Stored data
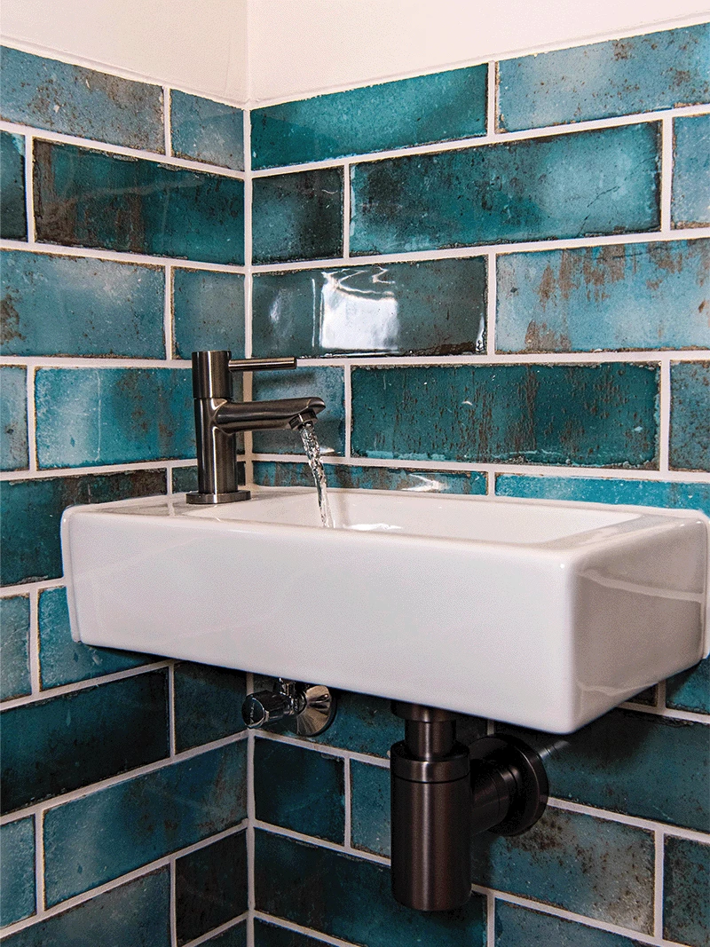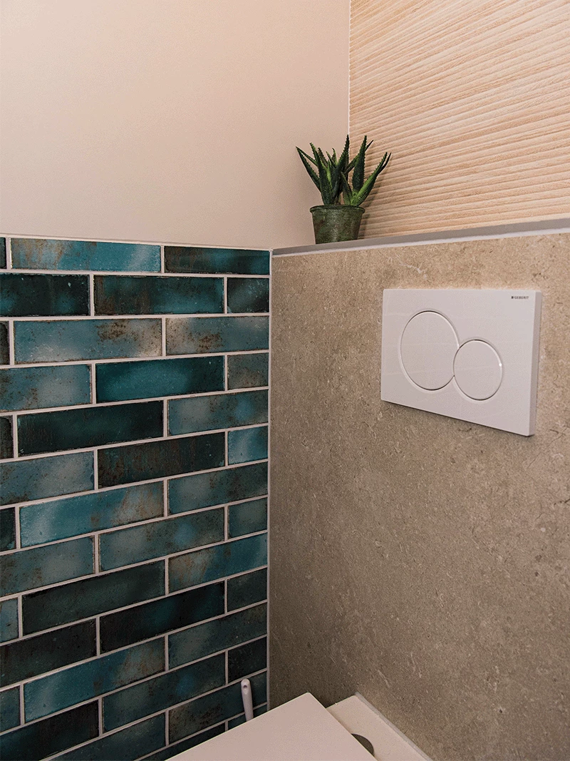 De basis van de tweede toiletruimte is gelijk aan die van de eerste. Ook hierbij koos de familie voor zandkleurige vloer- en wandtegels, lichte houtlook tegels en wit sanitair. Het verschil zit in de blauwe decortegels die op twee wanden zijn geplaatst. Deze geven de ruimte een veel modernere en wat stoerdere uitstraling met zich mee. Je ziet duidelijk dat een kleine aanpassing veel invloed kan hebben op de stijl en sfeer van je toiletruimte.
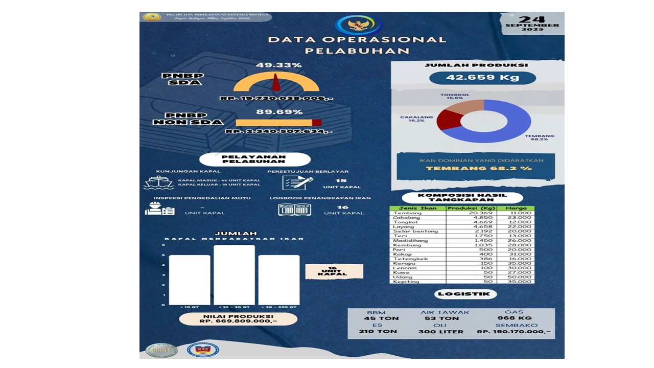 Sobat Bahari,,,Yuk kita simak Infografis Data Operasional Harian PPN Sibolga, 24 September 2025 antara lain : Jumlah Unit Kapal, Jumlah Produksi, Nilai Produksi, PNBP SDA, PNBP Non SDA, Pelayanan Pelabuhan;
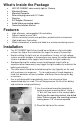 What’s Inside the Package LED XP-2H38WC solar security light w/ Camera Mounting Screws Mounting Template Solar charging panel with 15’ Cable Receiver A/C Adapter (Receiver) Audio/Video connecting cables Owner/Installation Manual Features High efficiency, rechargeable Lithium battery. Detects motion at over 30 ft. Lithium-ion battery emits zero pollution, protecting the environment. High brightness illumination. Wireless broadcast of audio and video to a remote monitoring source.
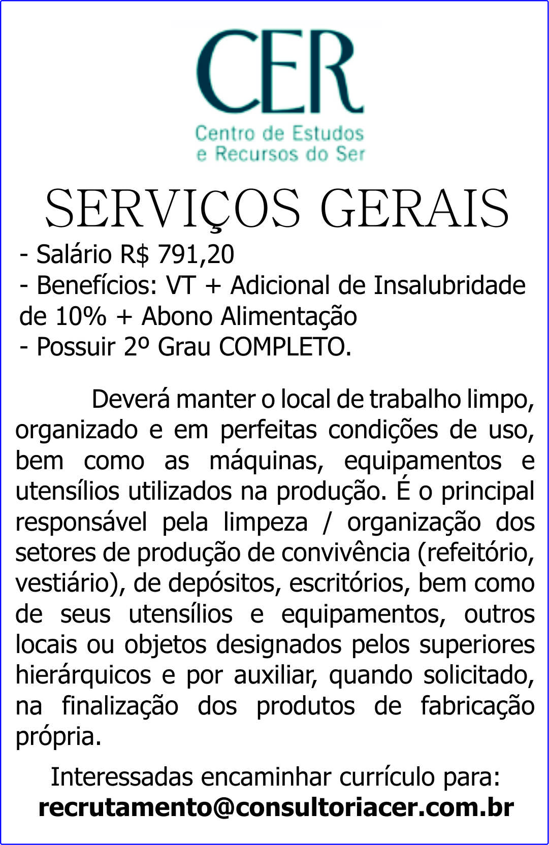 Deverá manter o local de trabalho limpo, organizado e em perfeitas condições de uso, bem como as máquinas, equipamentos e utensílios utilizados na produção. É o principal responsável pela limpeza / organização dos setores de produção de convivência (refeitório, vestiário), de depósitos, escritórios, bem como de seus utensílios e equipamentos, outros locais ou objetos designados pelos superiores hierárquicos e por auxiliar, quando solicitado, na finalização dos produtos de fabricação própria. Enviar currículo:
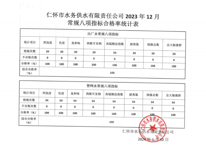 仁懷市水務(wù)供水有限責(zé)任公司2023年12月常規(guī)八項(xiàng)指標(biāo)合格率統(tǒng)計(jì)表
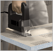 Découper au mesure l’habillage frontal en ELEMENT-EL 30 en créant une découpe à l’intérieur.

- [EXERCISE GOAL] I would like the lines from the one with "仁懷市水務(wù)供水有限責" through the last line of the data above retyped exactly, with pictures left out, please.

- [ANSWER SECTION]
 仁懷市水務(wù)供水有限責(zé)任公司2023年12月常規(guī)八項(xiàng)指標(biāo)合格率統(tǒng)計(jì)表
 Découper au mesure l’habillage frontal en ELEMENT-EL 30 en créant une découpe à l’intérieur.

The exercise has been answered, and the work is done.